Aleksandr Perevalov, Leipzig University of Applied Sciences, Leipzig, Germany

Aleksandr Pervalov is a final-year Ph.D. student at the Leipzig University of Applied Sciences and the Paderborn University (both in Germany). He also leads the research project “Language Agnostic Semantic Search over Knowledge Graphs” in collaboration with Springer Nature as an industry partner. His research interests focus on applied conversational AI and question answering.

Aleksandr Gashkov, Leipzig University of Applied Sciences, Leipzig, Germany

Aleksandr Gashkov is an independent researcher at the Web & Software Engineering research group, with a Ph.D. in Computational Linguistics. His research interests encompass natural language processing, multilingual question answering – both general and over knowledge graphs – and applied artificial intelligence.

Maria Eltsova, CBZ München GmbH, Heilbronn, Germany

Maria Eltsova is a free researcher at Web & Software Engineering research group. After promotion in linguistics in 2006, she was a professor at Perm National Research Polytechnic University (Russia) till 2022. Her research interests include computational linguistics, psycholinguistics, question answering, and digitalization of endangered indigenous languages.

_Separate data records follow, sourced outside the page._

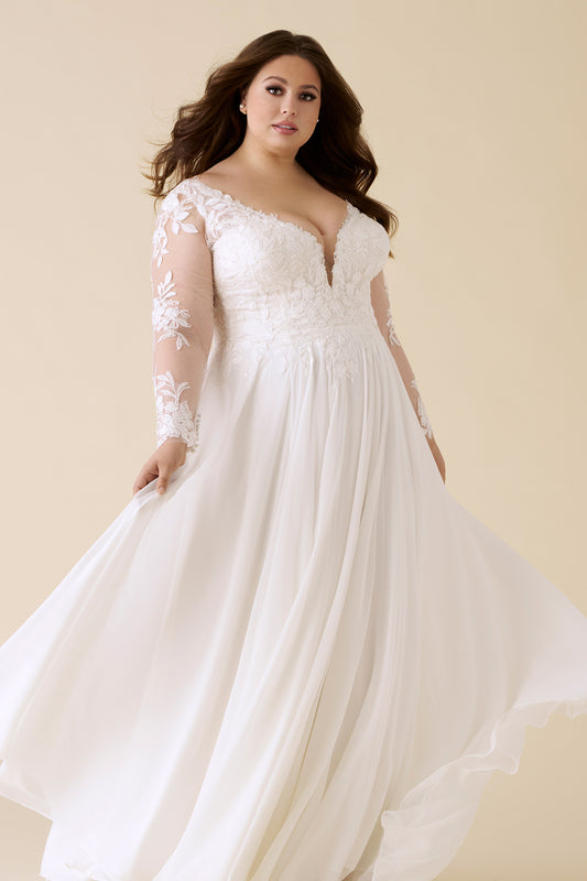 Delicate and airy, this gown features long lace sleeves and a plunging V-neckline that balances femininity with confident styling. A scoop back adds softness, while the chiffon A-line skirt flows effortlessly from the waist for light, graceful movement. It’s a romantic silhouette designed to feel as beautiful as it looks.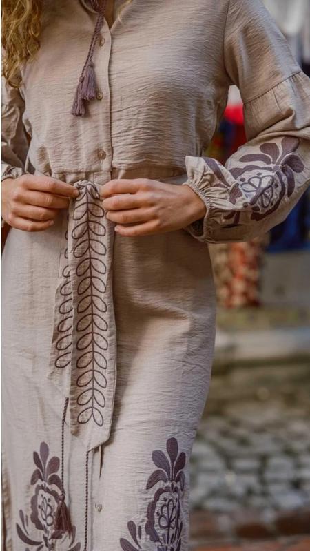 Платье с красивой вышивкой на широких рукавах и подоле дополнено поясом с кисточками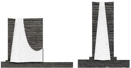 诚然如此,腔体的原型在大量先例中早已有之,但基本上皆是在体量轮廓与腔体空间之间,形成了一个图底关系上虚实分明的横剖面。比如卒姆托的克劳斯兄弟小教堂(Bruder Klaus Kapelle),先行勾勒出内部腔体空间的轮廓,再进行体量完形。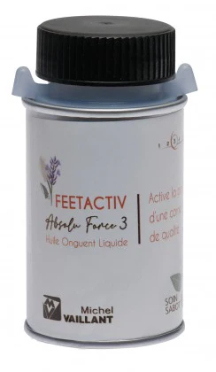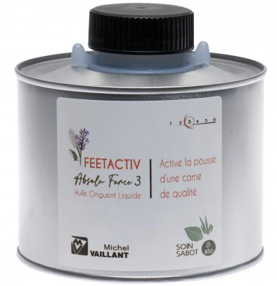 Feetactiv Absolu Force 3 est une huile qui active la pousse d’une corne souple et résistante suite à des lésions de la boîte cornée (seimes, fourmilières…). Elle est particulièrement indiquée sur des pieds secs présentant une corne fragile et cassante. Laisse la corne respirer.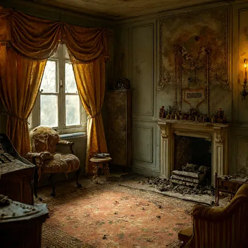 Upstairs, the corridor’s runner rug folds into softened ridges, its colors muted by dust. A hall table holds a broken spectacles frame, a snapped toy spring, and a personal note whose final sentence trails into nothing. Pale outlines show where toy sketches once hung before being removed with quiet resignation.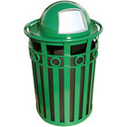 Witt Industries M3600-R-DT-GN Oakley 36 Gallon Green Steel Round Outdoor Decorative Trash Can with Push Door Dome Top Lid and Ring Accent Band
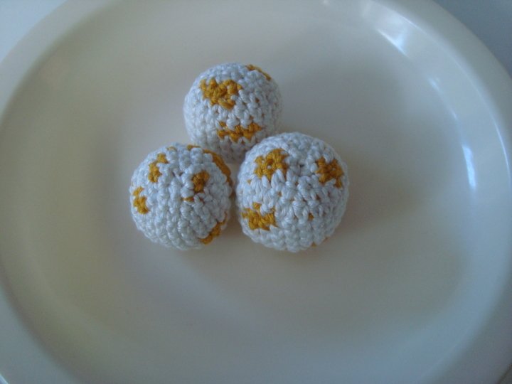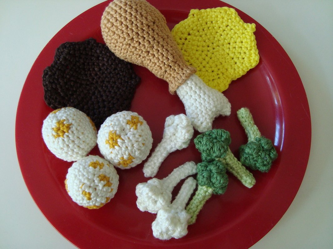 Ich biete hier eine selbstentworfene Anleitung zum Häkeln eines Menüs für die Kinderküche und/oder den Kaufladen, bestehend aus: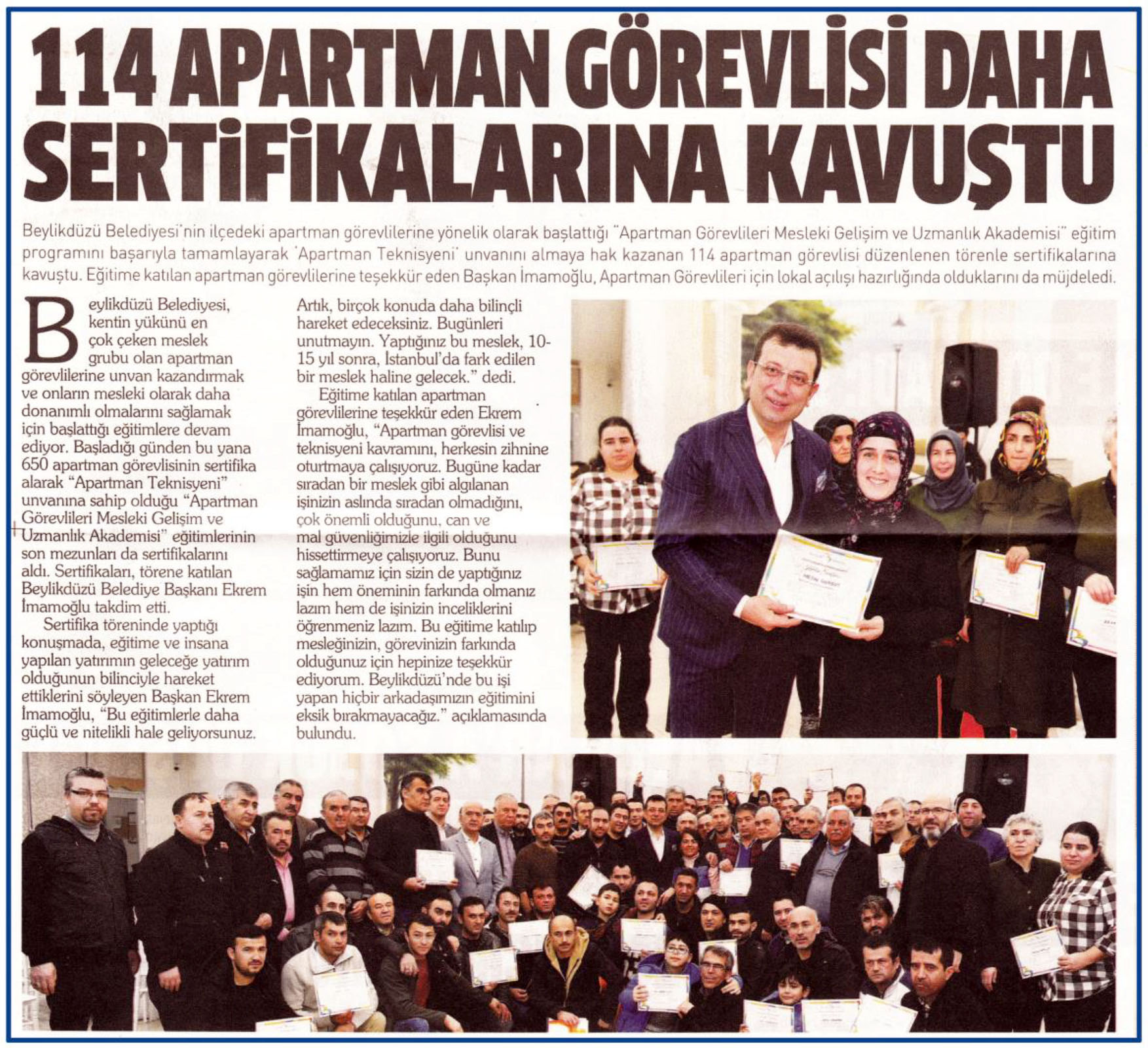 21 Şubat 2018 tarihli "HABER EKSPRESS" gazetesi. Beylikdüzü Belediyesi'nin ilçedeki apartman görevlilerine yönelik olarak başlattığı "Apartman Görevlileri Mesleki Gelişim ve Uzmanlık Akademisi" eğitim programını başarıyla tamamlayarak 'Apartman Teknisyeni' ünvanını almaya halk kazanan 114 apartman görevlisi düzenlenen törenle sertifikalarına kavuştu.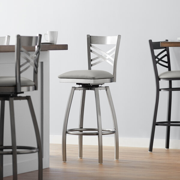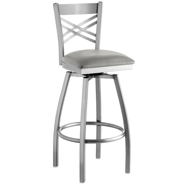 Seat your guests in comfort and style with this Lancaster Table & Seating clear coat cross back swivel bar height chair with light gray padded seat. This bar height chair has a sleek and sturdy metal frame along with a comfortable and soft 2 1/2″ thick vinyl padded seat. Its back rest features a trendy cross back design that adds a modern look to any location. Because it is contoured for a customer’s back, it provides unmatched comfort while maintaining a distinct appearance. The swivel design and foot rest allow patrons to turn in their chairs to comfortably socialize and fully enjoy your venue. This bar height chair is designed with integrated plastic glides to protect your floors from scuffing. The clear coat on the frame adds a contemporary touch and ensures longevity even through everyday wear and tear – resisting stains, scratches, and smudges. This reliable design ensures you’ll be using this bar height chair in your bar or restaurant for years to come! Overall Dimensions: Height: 44 1/2″ Seat Width: 16 3/4″ Seat Depth: 16 1/2″ Seat Height: 31 1/2″ Capacity: 300 lb.
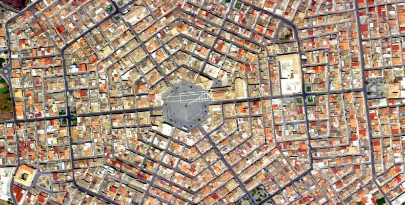 Το Grammichele που χτίστηκε από τον Carlo Maria Carafa Branciforte και σχεδιάστηκε από τον Michele da Ferla, ήταν η πρώτη πόλη στην Ευρώπη με εξαγωνικό σχεδιασμό, ο οποίος θα μπορούσε ενδεχομένως να επεκταθεί επ’ αόριστον. Χωρίζεται σε έξι τομείς με έξι δρόμους που συγκλίνουν προς την κεντρική πλατεία, σχηματίζοντας δηλαδή εξάγωνο.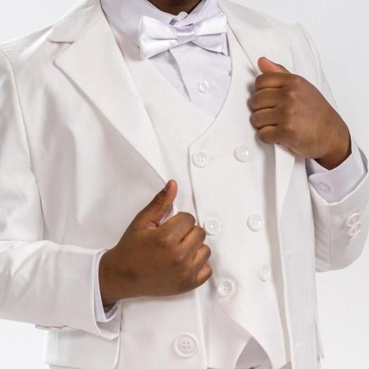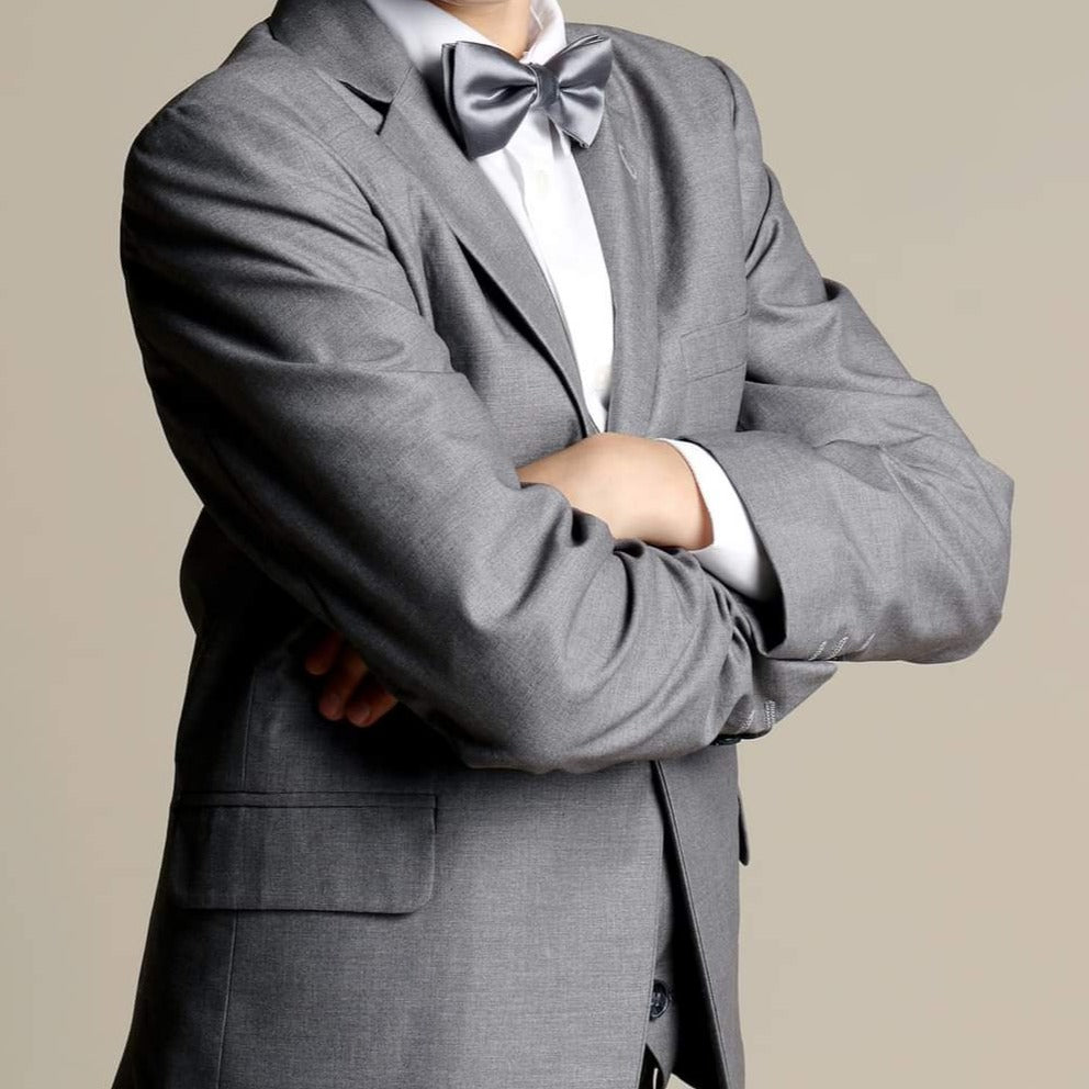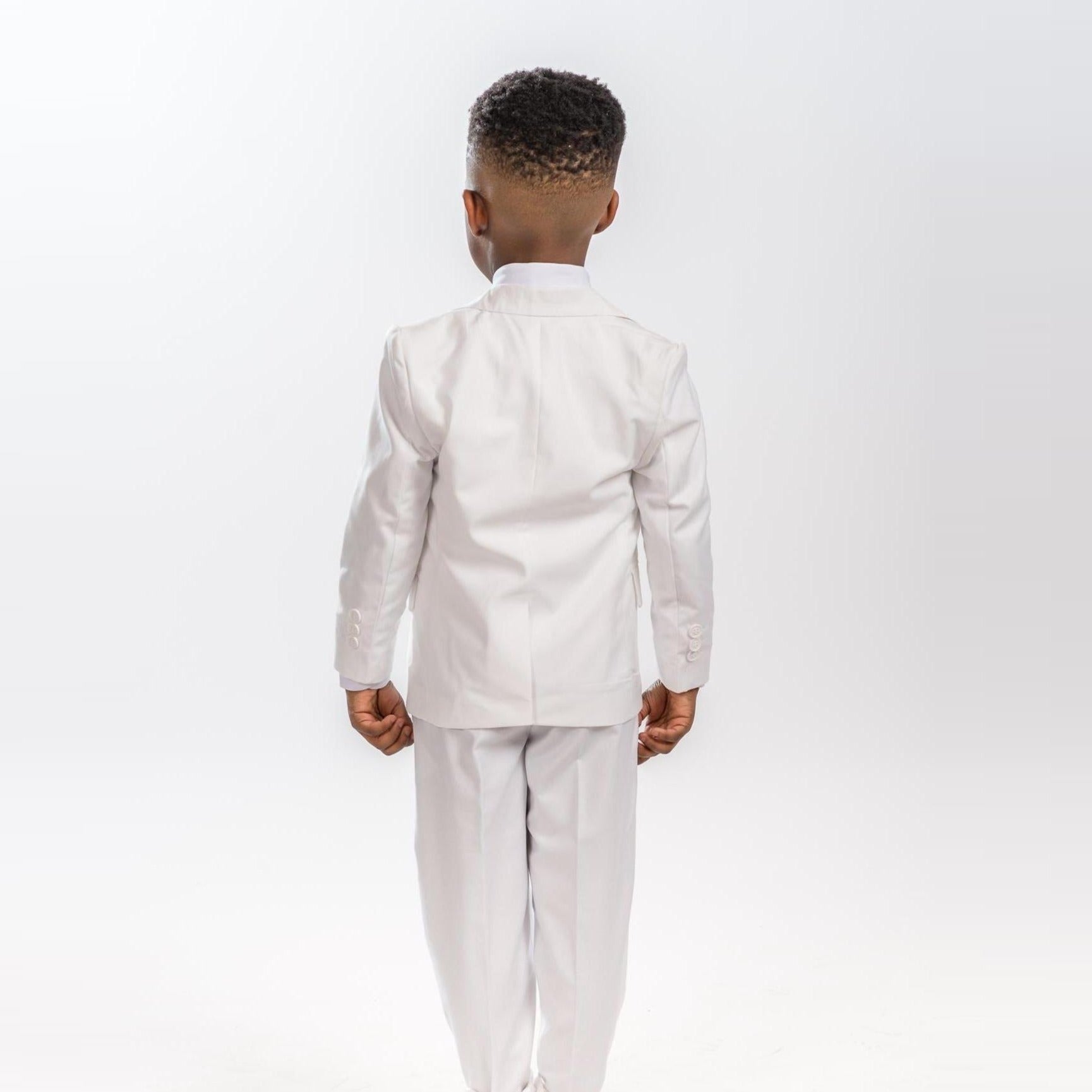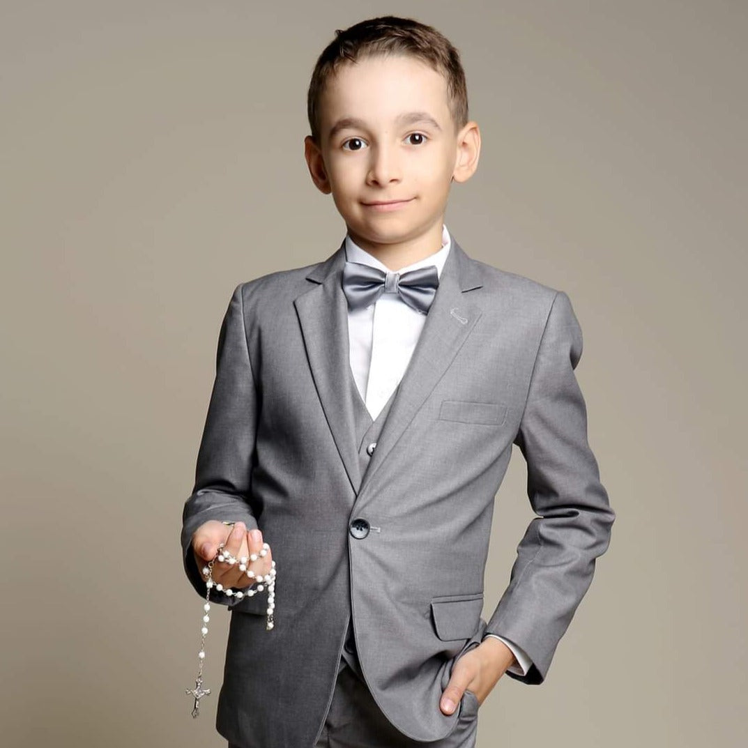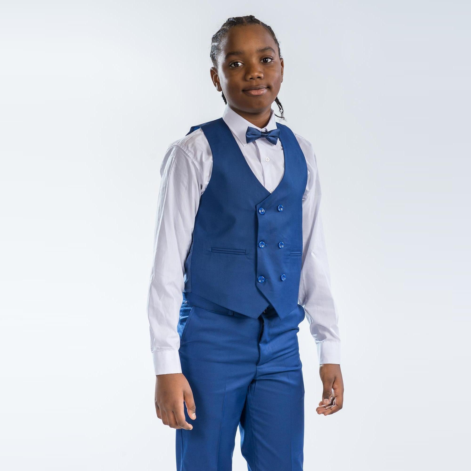 Straight out of a magazine, this superb slim-fit classic suit includes a blazer (70% Polyester / 30% Viscose), slim pants (70% Polyester / 30% Viscose), a 3-button waistcoat (70% Polyester / 30% Viscose), a skinny shirt (95% cotton / 5% lycra) and bow tie—ideal as a groom boys suit and versatile for kids groom suits at weddings and formal events, with slim tailoring that photographs well.

Andreas Both, Leipzig University of Applied Sciences, Leipzig, Germany ,DATEV eG, Nuremberg, Germany

Andreas Both is Head of Research at DATEV eG (a top-tier business software provider in Germany) and a professor at the Leipzig University of Applied Sciences (Germany) where he leads the Web & Software Engineering (WSE) research group which focuses on high-quality, multilingual, KG-agnostic AI methods, in particular on question answering systems, and applied AI, data, and web technologies.

References

Kushagra Singh Bisen, Sara Assefa Alemayehu, Pierre Maret, Alexandra Creighton, Rachel Gorman, Bushra Kundi, Thumeka Mgwgwi, Fabrice Muhlenbach, Serban Dinca-Panaitescu, and Christo El Morr. Evaluation of Search Methods on Community Documents, pages 39–49. Metadata and Semantic Research. Springer Nature Switzerland, 2023.

Andreas Both, Dennis Diefenbach, Kuldeep Singh, Saedeeh Shekarpour, Didier Cherix, and Christoph Lange. Qanary – a methodology for vocabulary-driven open question answering systems. In The Semantic Web. Latest Advances and New Domains, pages 625–641, Cham, 2016. Springer International Publishing.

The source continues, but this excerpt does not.